If, for example, the compaction task finds 20 pages to compact, but the RAM requirements allow only 10 pages to be compacted, then the task will process the first 10 pages in one segment and the remaining 10 pages in the following segment. Having multiple segments in the same file allows to run the compaction with a minimum amount of RAM if needed.

Page layout

There are 2 types of pages: root page and data page. The pages are populated from the head of the page by storing the pointers to the pair of key/value that are written from the tail. A page is full when there is no space between the head (key pointers) and the tail (key/value pairs). When a page is full, another page is created, waiting for a compaction.

Root Page

It’s the first page of a segment of pages. The header contains more information than the Data Page (see below). Both root pages and data pages store keys. With mutable indexes the only difference is that the root page has a larger header. For compacted indexes, the root page does not store entries, but contains pointers to the data pages with the first key indexed on the page of the current segment.

Header:

[offsetFreeKeyValueContent(int:4),numberOfEntries(int:4),mutable(boolean:1),compactedPageNumberOfSeries(int:4),subIndexFileId(int:4),numberOfKeys(byte:1),keyType(byte:1)*]
  • offsetFreeKeyValueContent is the offset in the page of free space to store key/value pairs. When a page is new, the offset points to the end of the page because the pairs are filled from the end to the beginning

  • numberOfEntries number of entries (pairs) in the current page

  • mutable 1 means mutable, 0 immutable. Immutable pages cannot be modified, only compacted and then removed at the end of compaction cycle

  • compactedPageNumberOfSeries number of pages in the compacted segment. This is stored in the last page of the segment and it is used to count the pages of the current segment and therefore finding the root page of the segment

  • subIndexFileId file id of compacted page segment

  • numberOfKeys number of keys.
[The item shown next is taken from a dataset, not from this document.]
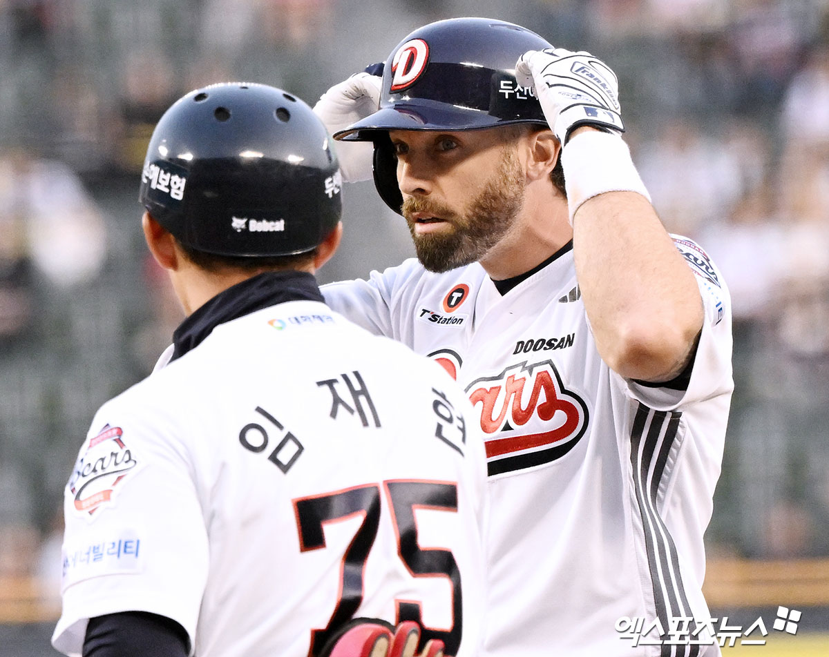 (엑스포츠뉴스 잠실, 김한준 기자) 18일 오후 서울 송파구 잠실야구장에서 열린 '2025 신한 SOL Bank KBO리그' KIA 타이거즈와 두산 베어스의 경기, 1회말 무사 1,3루 두산 케이브가 1타점 적시타를 날린 후 세리머니를 하고 있다.

If you’re using a composite index, multiple keys are used, otherwise only 1

  • keyType an array of key types. If the numberOfKeys is 3, then 3 bytes for keyType are written

Data Page

Header:

[offsetFreeKeyValueContent(int:4),numberOfEntries(int:4),mutable(boolean:1),compactedPageNumberOfSeries(int:4)]
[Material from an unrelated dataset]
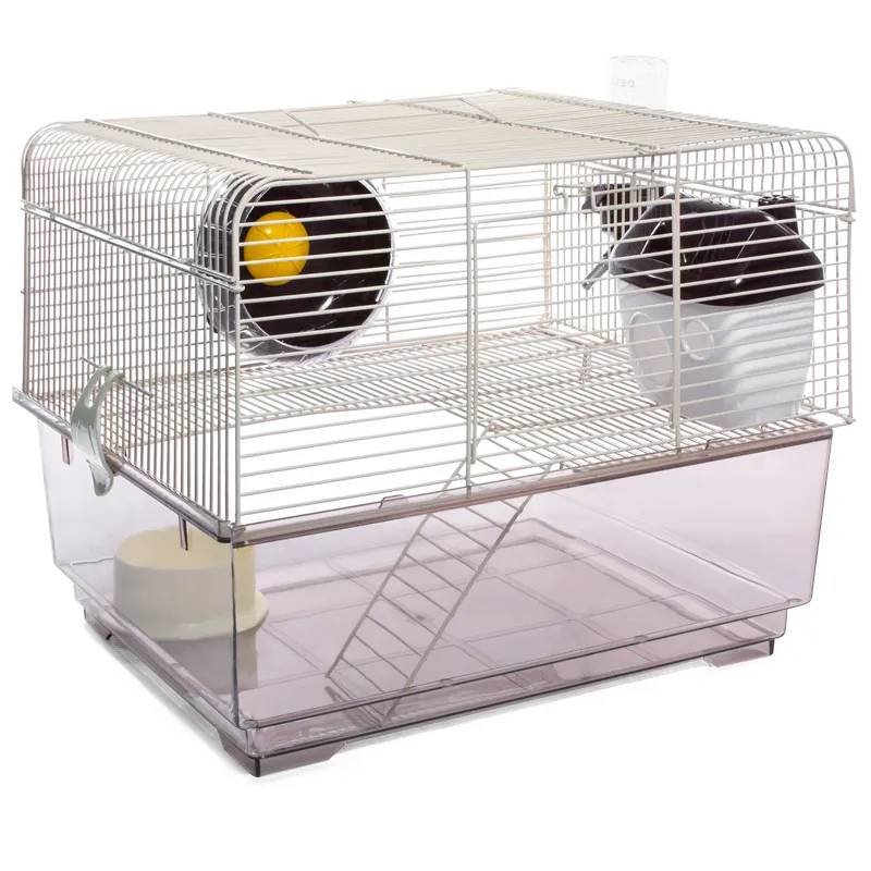 - В комплектацию также входят: пластиковая миска, поилка, уютный домик на втором этаже, беговое колесо и лесенка на 2-й этаж.

Look the root page for the meaning of the header fields.

Mutable Structure

Before being compacted, the LSM-Tree index is conceptually simple: new entries are always inserted in the last page of the file that is the only mutable page of the index. If the page is full, a new mutable page is created and the old mutable page become immutable and stored on disk. The entries in the page are written already ordered by key. This means a cursor can just browse the page from the first entry to the last to have ordered items. The search of a key is executed with the dichotomy algorithm. Pages can have entries with the same key, because have been added later in the index. On writing, the order of the keys is maintained inside the same page. This means to have a true ordered iterator, a virtual iterator is created with pointers to all the pages. Every time you move forward in the iterator, the next available key in the page pointer is compared among each other and the minor is returned. This can become quite expensive in the case of millions of entries and hundreds of pages. For this reason a periodic compaction is needed to keep values ordered together in the same page and also to remove deleted items.